- **WHAT YOU HAVE TO DO**
Return the lines of the material below exactly, beginning with the line that has "寸法数値5を選択状態にして矢印の丸印を右クリック。" in it and finishing with the line that has "蔚来汽车(NYSE:NIO)" in it. Leave all pictures aside.

- **RECORD EXCERPTS**
━━━━━━━━━━━━━━━━

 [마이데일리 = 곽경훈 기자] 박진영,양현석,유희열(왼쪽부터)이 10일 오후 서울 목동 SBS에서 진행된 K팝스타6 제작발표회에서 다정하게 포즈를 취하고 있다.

━━━━━━━━━━━━━━━━

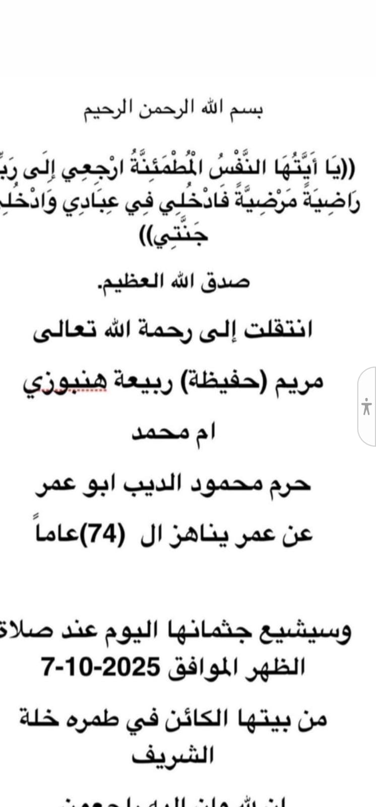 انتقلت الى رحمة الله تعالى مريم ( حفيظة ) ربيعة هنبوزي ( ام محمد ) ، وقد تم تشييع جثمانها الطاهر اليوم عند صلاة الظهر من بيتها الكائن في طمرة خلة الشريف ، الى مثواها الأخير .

━━━━━━━━━━━━━━━━

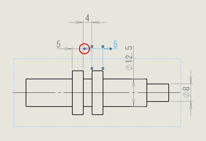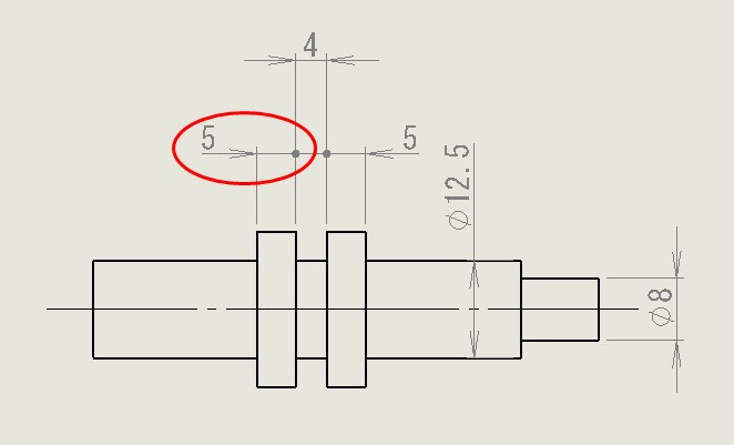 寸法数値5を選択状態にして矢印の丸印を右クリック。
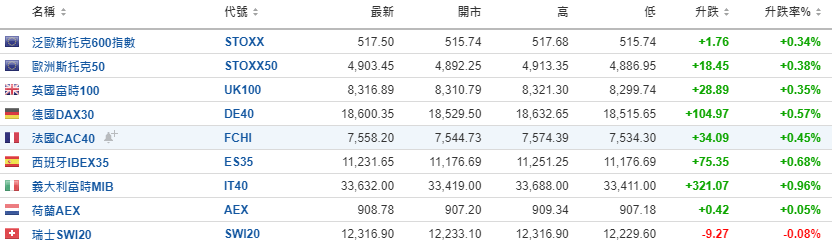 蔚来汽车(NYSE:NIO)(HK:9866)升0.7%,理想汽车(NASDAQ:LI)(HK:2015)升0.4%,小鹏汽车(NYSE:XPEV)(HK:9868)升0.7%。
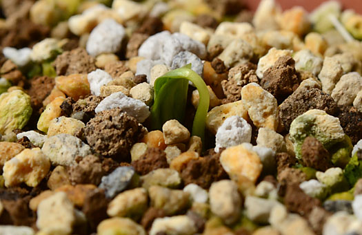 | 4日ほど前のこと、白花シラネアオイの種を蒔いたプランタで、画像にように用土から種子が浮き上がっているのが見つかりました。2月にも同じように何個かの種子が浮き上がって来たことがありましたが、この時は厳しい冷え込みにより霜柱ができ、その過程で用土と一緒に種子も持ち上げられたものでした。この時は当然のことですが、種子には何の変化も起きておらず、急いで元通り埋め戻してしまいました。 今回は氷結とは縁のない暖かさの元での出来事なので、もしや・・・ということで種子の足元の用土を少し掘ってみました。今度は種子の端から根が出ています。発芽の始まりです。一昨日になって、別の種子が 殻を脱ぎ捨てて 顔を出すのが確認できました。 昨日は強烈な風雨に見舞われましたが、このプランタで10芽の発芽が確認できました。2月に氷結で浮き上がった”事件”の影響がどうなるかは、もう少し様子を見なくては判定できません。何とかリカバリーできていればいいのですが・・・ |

━━━━━━━━━━━━━━━━

- **WRITTEN ANSWER**
 寸法数値5を選択状態にして矢印の丸印を右クリック。
 蔚来汽车(NYSE:NIO)(HK:9866)升0.7%,理想汽车(NASDAQ:LI)(HK:2015)升0.4%,小鹏汽车(NYSE:XPEV)(HK:9868)升0.7%。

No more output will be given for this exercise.